De manière objective il était bien en peine de répondre alors nerveusement il ramassa son bas de pyjama et l’enfila.

— Je retourne me coucher, déclara-t-il simplement.


— Je n’ai pas bien compris. Qu’est-ce que vous avez vu, dans le miroir ?

— Que je n’étais pas le beau mec du lycée du tout.

— C’est ça qui vous a poussé à vous regarder non ? Quelle impression ça vous a fait de vous voir en détail comme ça ?

— Je ne sais pas, après je suis allé courir.

— À 4h du matin ?

— Oui. Je sais que c’est interdit mais de toute façon je ne dormais pas.

— Et ça vous aidé à vous sentir mieux ?

— Non… j’ai vomi… j’ai vomi comme quand j’étais petit. Heureusement personne ne m’a vu.

— Vous vomissiez souvent enfant ?

— Oui, à cause de l’effort. C’est comme ça que je suis devenu plus fort plus vite.

— Et qu’est-ce que vous en pensez ?

Shoto détourne les yeux et ne réponds rien.

— Puisqu’on parle de votre corps et de votre visage… Je crois que je ne vous ai jamais demandé comment vous vous êtes fait cette marque sur le visage, Shoto. Est-ce que vous voulez-bien me le raconter ?

— C’est ma mère, elle a fait tomber la bouilloire sur moi par accident. Mon père l’a faite envoyer à l’hôpital ensuite.

— Pourquoi votre père l’a envoyé à l’hôpital si c’était un accident ?

— Je veux dire… elle l’a pas fait exprès, c’est la faute de mon père. Il lui faisait peur et elle était complètement déprimée.


Shoto avait sa petite main sur le chambranle de la porte, il écoutait sa mère parler à sa grand-mère au téléphone. Il entendit qu’elle pleurait et qu’elle ne voulait plus s’occuper de lui et de ses frères et soeur. Il entendit que « Surtout Shoto, il lui ressemble de plus en plus » Son regard de terreur, la bouilloire. Le petit cri qu’il n’a pas su étouffer. Les pas de son père dans le couloir. Sa mère qui s’agenouilla pour s’excuser, son père qui se mis en colère.


— À quoi vous avez pensé, juste-là ?

— Rien.

— Vous n’avez pas vu votre mère pendant combien de temps après cela ?

— Jusqu’à après le tournoi. J’ai raconté l’histoire de la bouilloire à Izuku, il s’en ai mêlé et j’ai promis à All Might que j’essayerais de régler mes problèmes de famille.

— Et comment était-ce de la revoir après tout ce temps ?

— C’était bien. Il était contente de me voir. Je lui ai demandé de me pardonner et elle a accepté.

— Vous pardonner ? Pourquoi ?

— Je ne faisais que pleurer dans ses bras quand j’étais petit, je ne l’aimais pas assez.

— Et elle, elle vous a demandé pardon ?

— Non et je ne vois pas pourquoi elle l’aurait fait. Je vous l’ai dit, c’est de la faute de mon père.

— Écoutez Shoto… je vais vous demander de considérer quelque chose, sans le rejeter immédiatement d’accord ? Tout à l’heure vous avez dit que vous vouliez vous voir entier, dans le miroir des communs non ? Mais vous ne m’avez pas dit ce que vous avez vu exactement.
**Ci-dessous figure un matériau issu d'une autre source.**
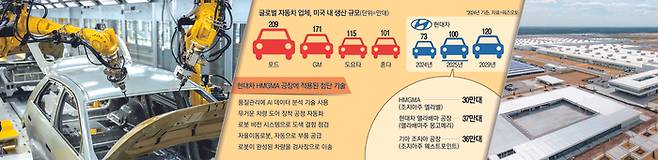 26일(현지시간) 현대차그룹은 최대 연 30만대의 자동차를 생산할 수 있는 HMGMA를 준공했다. 현대차그룹은 현재 월 2000~3000대를 생산하는 HMGMA 생산량을 꾸준히 끌어올려 3년 후인 2028년에는 연 30만대를 생산할 계획이다. 기존 현대차 앨라배마 공장(연 37만대)과 기아 조지아 공장(연 36만대)를 합하면 미국 생산 100만대 체제를 구축하게 된 셈이다. 2024년 기준 미국에서 차량 연 100만대 이상을 생산하는 자동차 기업은 미국 회사인 포드와 GM, 그리고 일본 회사인 도요타와 혼다까지 4곳뿐이다.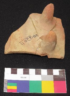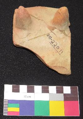 | Description / विवरण | Well fired, red color terracotta toy cot is made of well levigated clay having probably rectangular shaped, concave top and two conical pointed legs. |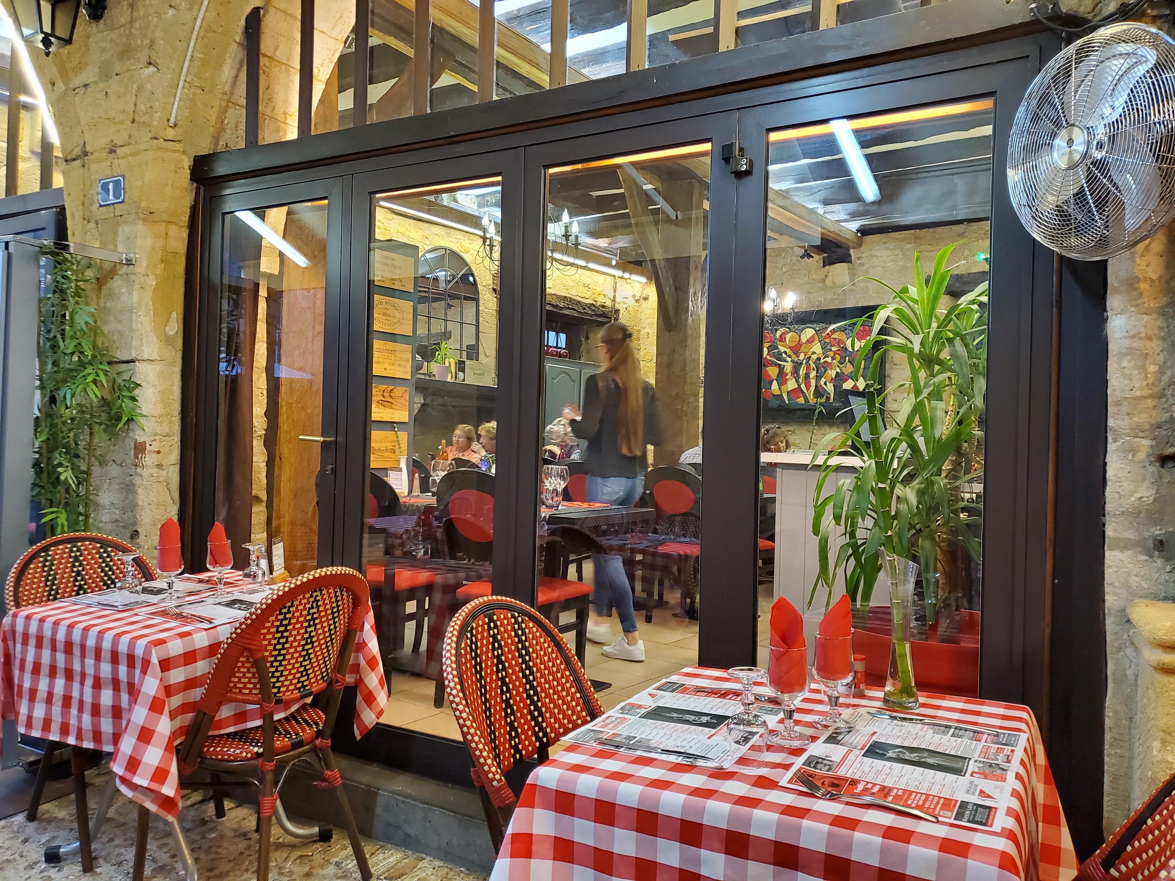 Charmant restaurant dans une ruelle près de la rue centrale de Sarlat.

Est-ce qu’il est possible qu’à part cet épisode là en particulier, il y ait d’autres moments où votre mère ait pu vous faire du mal ?

Il croise les bras sur sa poitrine.

— Non. Je ne vois pas. Ma mère… ma mère me consolait quand mon père était trop dur avec moi. Elle me disait « Tu as de la chance toi, tu as un rêve, tu vas devenir un héros ».
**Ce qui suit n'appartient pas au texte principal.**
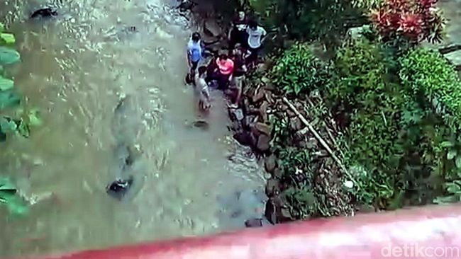 Tubuh perempuan itupun melayang dan jatuh di aliran sungai yang saat kejadian untungnya dalam keadaan surut. Warga kemudian pontang-panting berusaha menyelamatkan perempuan tersebut.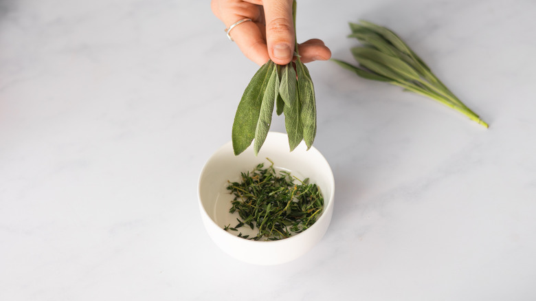 - Remove the thyme leaves from the sprigs, and discard the sprigs. Tear up the sage leaves.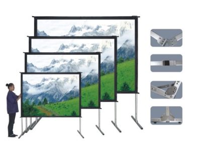 מסך מסגרת – מסך מתקפל נייד הכולל 2 בדים להקרנה קדמית ואחורית , קונסטרוקצית אלומיניום ומזוודת אחסון ניידת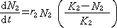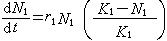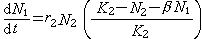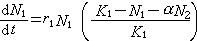 这个方程中与单种逻辑斯谛增长方程相比,只在“剩余资源”(未利用资源)项中,增加了一个αN2,表示K1资源除为物种甲(N 1)所占用以外,同时还为物种乙(αN 2)所占用。

— « Tu as de la chance toi »

— Oui et elle avait raison ! Elle, elle n’avait pas d’autre avenir avant que de croupir dans cette maison avec mon père à raser les murs. Oui par rapport à elle j’ai eu de la chance jusque-là. Je ne vois pas où vous voulez en venir.

— Ne vous inquiétez pas… nous aurons peut-être l’occasion d’en reparler la prochaine fois.

— Oui c’est l’heure pour moi de partir.